Banks voice approval of phone biometrics

Mark Pawleski, technical group leader at BT, revealed that the telco’s internal voice verification service, URU (You are You), is being readied as a commercial product to be offered to third-party organisations as a ready-made service called URU-Plus.

The aim of the service is to authenticate web and telephony users – usually by calling back their nominated mobile phone – and verifying their identity using voice verification and confirmation technology.

Even though several third-party firms are expected to use the service under their own brands – BT is already in discussions with a major bank, said Pawleski – only one central database and web interface will be required, thus cutting the cost of URU-Plus for clients.

Another exhibitor, VoiceVault, which describes itself as the world’s first and only biometric certification service provider, has licensed its technology to VoicePay. The latter is the latest brainchild of Nick Ogden, founder of WorldPay, the electronic payments firm.

Ogden is seeking to make VoicePay, based on his voice biometrics system of the same name, as well-known as WorldPay. VoicePay allows phone users to authenticate and irrevocably authorise a web or phone mail order or service transaction using the sound of their own voice.
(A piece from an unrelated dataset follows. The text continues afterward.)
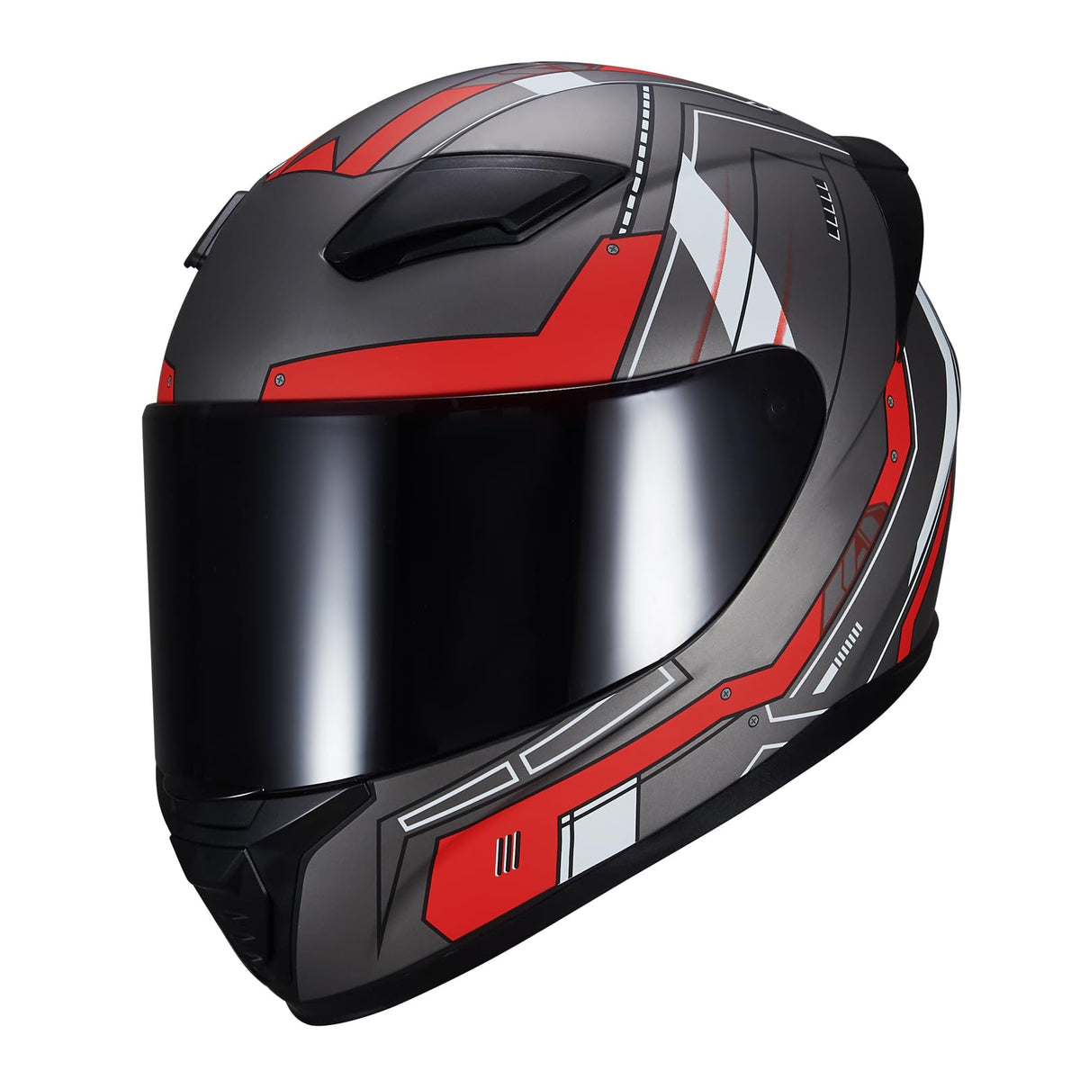 JQF Gear Full Face Helmet Black Motorcycle Motorbike Street Bike Racing Helmets for Adults WS-607 DOT Approved (Red Mecha, L)

The technology is ideally suited to a web retail transaction, said Vance Harris, VoiceVault’s chief technology officer, since it is fast and highly effective, authenticating users in real time as they speak their names and other vocal identifiers.

VoiceVault’s technology is also being trialled by the Allied Irish Bank (AIB), which is using the voice verification system as part of its automated password reset service for e-banking customers.

Brian Sweeney, service desk manager at AIB, said that voice biometrics is ideal for use as part of the bank’s interactive voice response system, which automatically handles tens of thousands of password resets – without human intervention – every week.

“The technology gives a low error rate in a real world situation, over the phone, and allows our operators to get on with other things than helping customers reset their passwords,” he explained.